Nos frères d’armes sont à l’évidence tous nés de la même mère, quant aux Allemands, ils ont sans doute été clonés dans une usine de la Ruhr...

Tout cela manque clairement de challenge. Il y a bien quelques morceaux de bravoure comme cette bataille aérienne à bord d’un avion américain ou la prise de tel ou tel avant-poste. Mais ces passages sont bien trop rares, pas forcément les plus ardus, souvent ultra-scriptés, déjà vus. L’affaire se plie au final en une poignée d’heures. En temps de jeu effectif, il y en a à peine pour 4 h 30 dans la campagne solo. Dans les faits, comptez sept heures au maximum – passages crispants à recommencer dix fois, obligent -, auxquelles s’ajoutent neuf cartes en multi jouables jusqu’à 6. Activision comptait visiblement pas mal sur la rejouabilité de son titre. Mais ni les bonus, très maigres, ni la qualité de la campagne n’incitent à y revenir encore et encore. Plutôt pauvre.

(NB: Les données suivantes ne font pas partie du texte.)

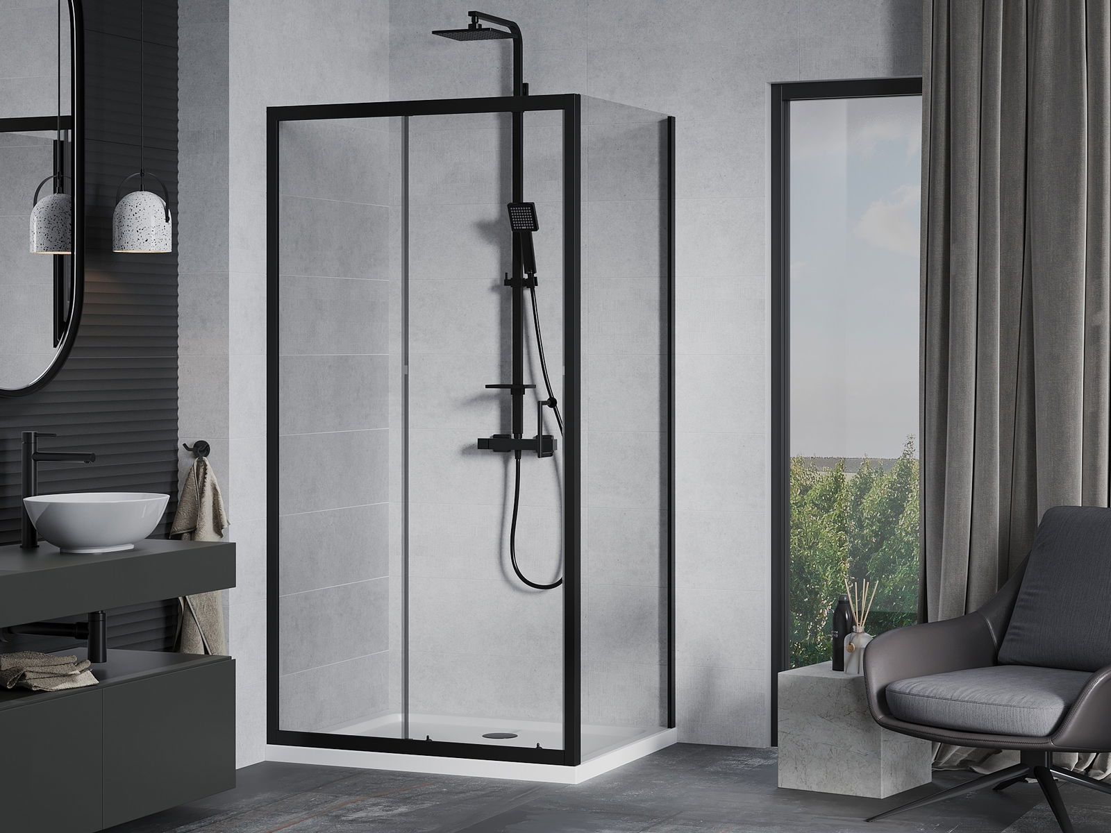 Mexen Apia stumdomas dušo kabinas 100 x 80 cm, permatomas, juodas + plokščias padėklas, baltas- 840-100-080-70-00-4010B
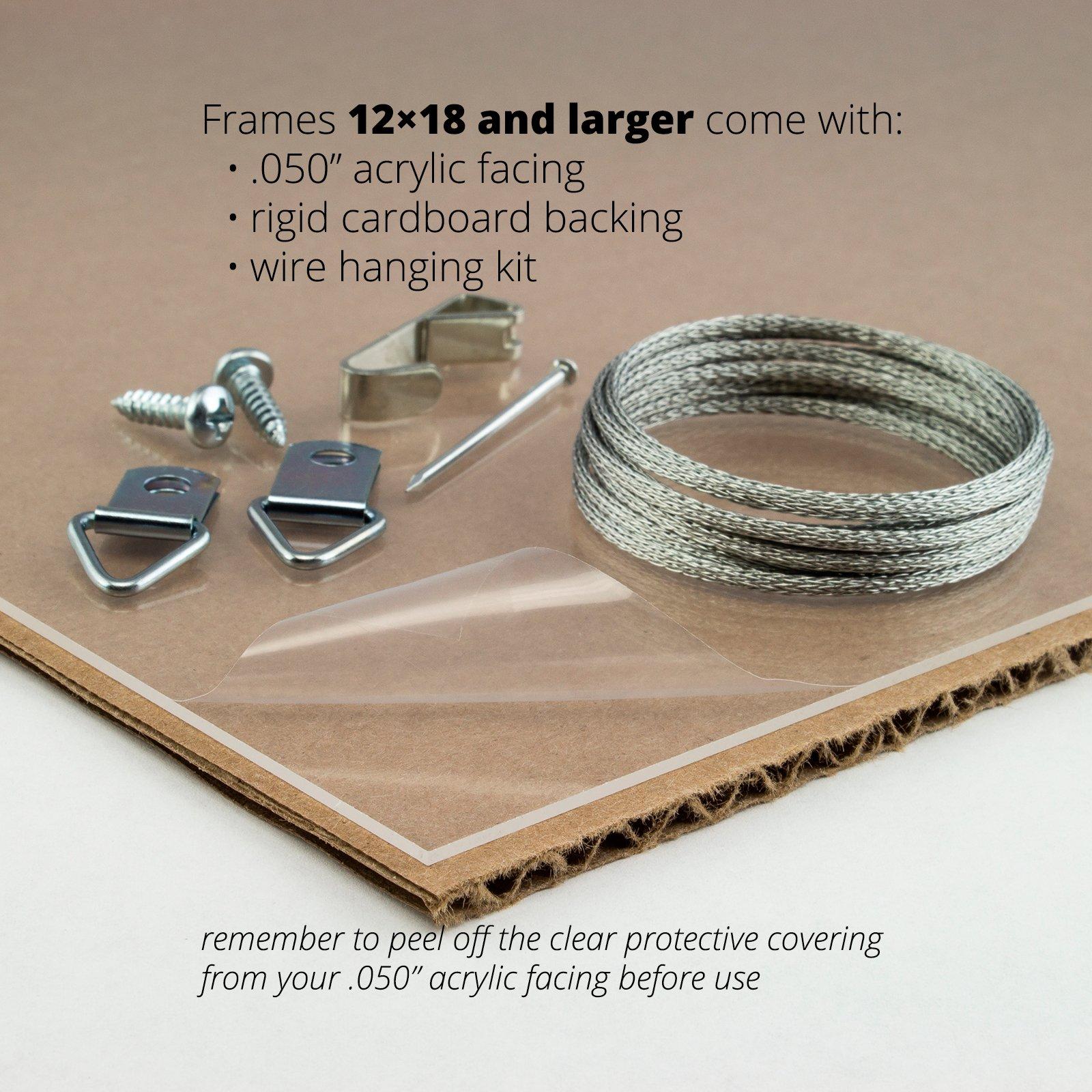 - Frame includes: acrylic facing, cardboard backing and wire hanging kit (assembly required)
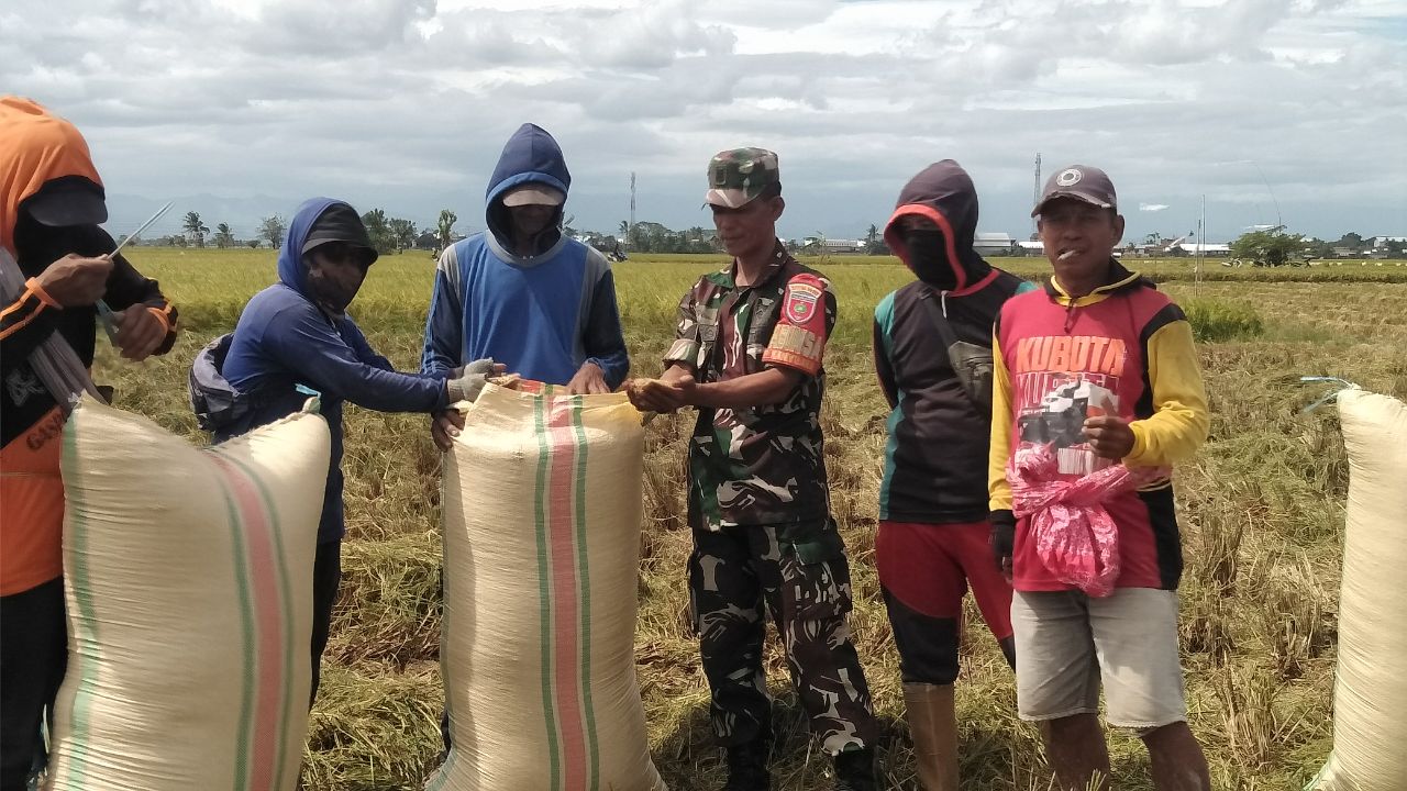 Babinsa Kanyuara Mendampingi Proses Panen Padi di Lokasi Sawah “Latappareng”
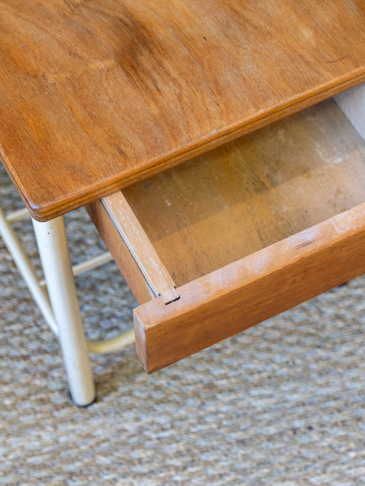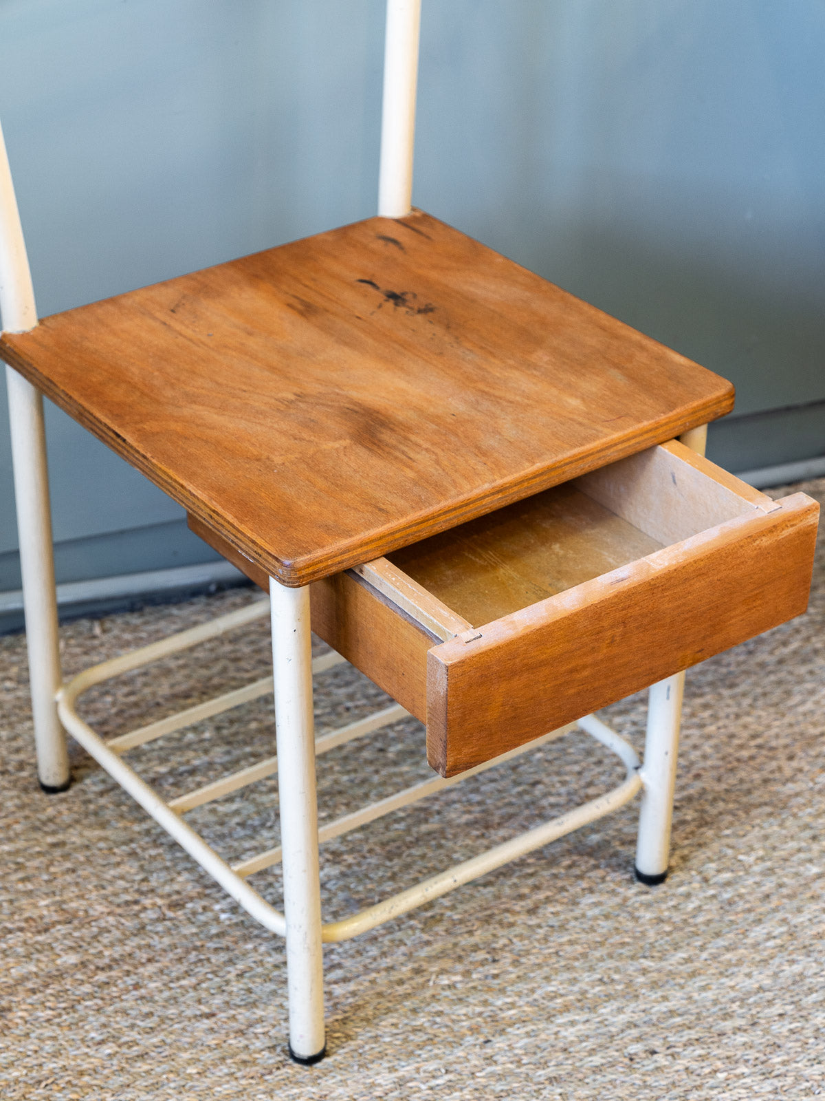 Discover the vintage 1950s boarding school bedside chair, a true retro-style treasure. Its clean lines and authentic look make it a must-have for adding a nostalgic touch to your home. Crafted from sturdy wood and finished with a delicate patina, this chair blends perfectly with a variety of decors, from vintage to contemporary. Ideal for complementing a bedroom or reading nook, it brilliantly combines comfort and aesthetics. Don't miss the opportunity to add this chic collector's item to your home!

C’est sans passion qu’on livre bataille dans ce Call of Duty : Les chemins de la victoire. La faute à une réalisation qui oublie d’insuffler un peu d’âme dans la machine. Affrontements mécaniques, IA robotisée, le jeu suit son cours au pas de course. Cette guerre éclair manque en plus clairement de contenu. Un titre au final assez anecdotique qui n’aura sa place que dans la ludothèque des fondus de l’époque.